- Opening Delimiter -

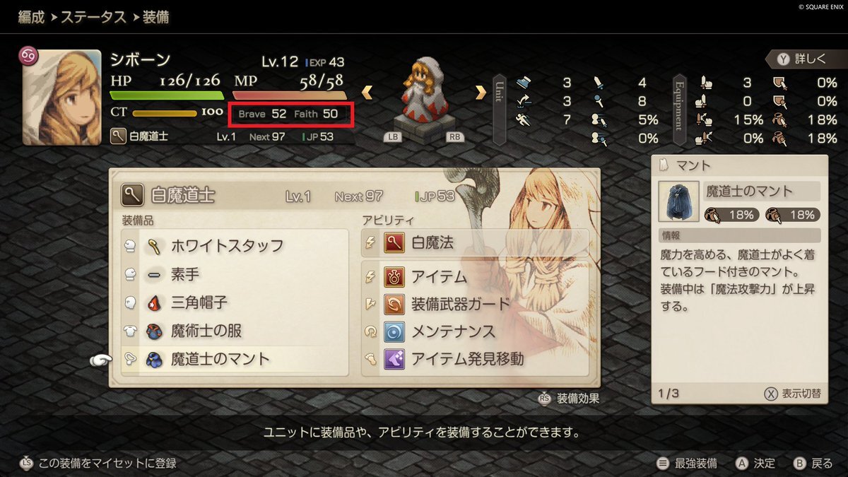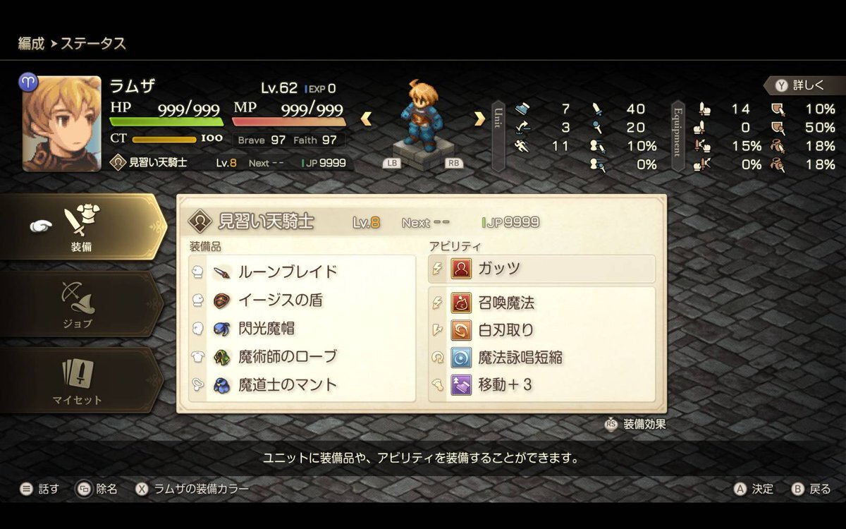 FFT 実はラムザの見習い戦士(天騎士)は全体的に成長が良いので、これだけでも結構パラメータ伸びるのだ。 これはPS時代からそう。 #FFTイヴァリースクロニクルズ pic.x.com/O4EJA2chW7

- Closing Delimiter -
- Opening Delimiter -

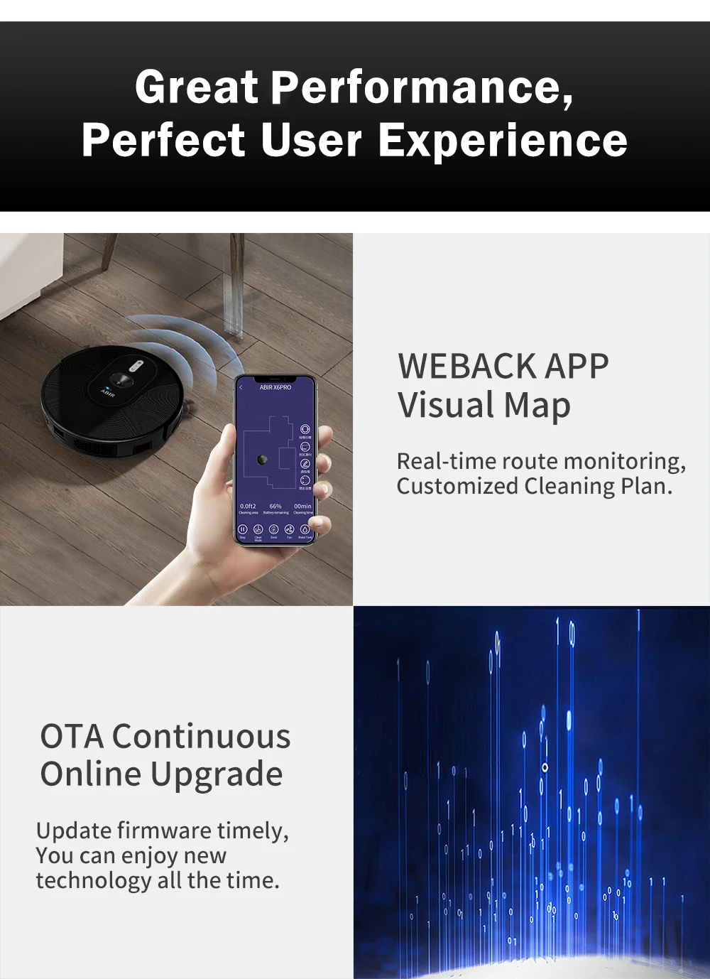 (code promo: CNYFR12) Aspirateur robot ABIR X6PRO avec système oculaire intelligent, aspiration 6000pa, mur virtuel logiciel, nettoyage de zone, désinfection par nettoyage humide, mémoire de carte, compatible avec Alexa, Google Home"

- Closing Delimiter -
- Opening Delimiter -

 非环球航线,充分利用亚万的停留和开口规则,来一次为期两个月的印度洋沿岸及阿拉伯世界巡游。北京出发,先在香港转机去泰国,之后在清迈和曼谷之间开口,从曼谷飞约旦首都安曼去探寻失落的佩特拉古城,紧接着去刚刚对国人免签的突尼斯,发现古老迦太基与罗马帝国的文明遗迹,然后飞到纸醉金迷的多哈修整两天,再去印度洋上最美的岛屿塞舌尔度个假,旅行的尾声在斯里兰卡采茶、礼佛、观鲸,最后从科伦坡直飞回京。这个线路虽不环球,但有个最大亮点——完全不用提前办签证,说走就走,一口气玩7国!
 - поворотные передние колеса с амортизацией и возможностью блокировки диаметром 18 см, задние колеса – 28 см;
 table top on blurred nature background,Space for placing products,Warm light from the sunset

- Closing Delimiter -

ACTIVITY:
Copy word for word the stretch of entries above from the line that has "- поворотные передние" through the line that has "table top on", both ends included, and nothing outside it.

ANSWER SPACE:
 - поворотные передние колеса с амортизацией и возможностью блокировки диаметром 18 см, задние колеса – 28 см;
 table top on blurred nature background,Space for placing products,Warm light from the sunset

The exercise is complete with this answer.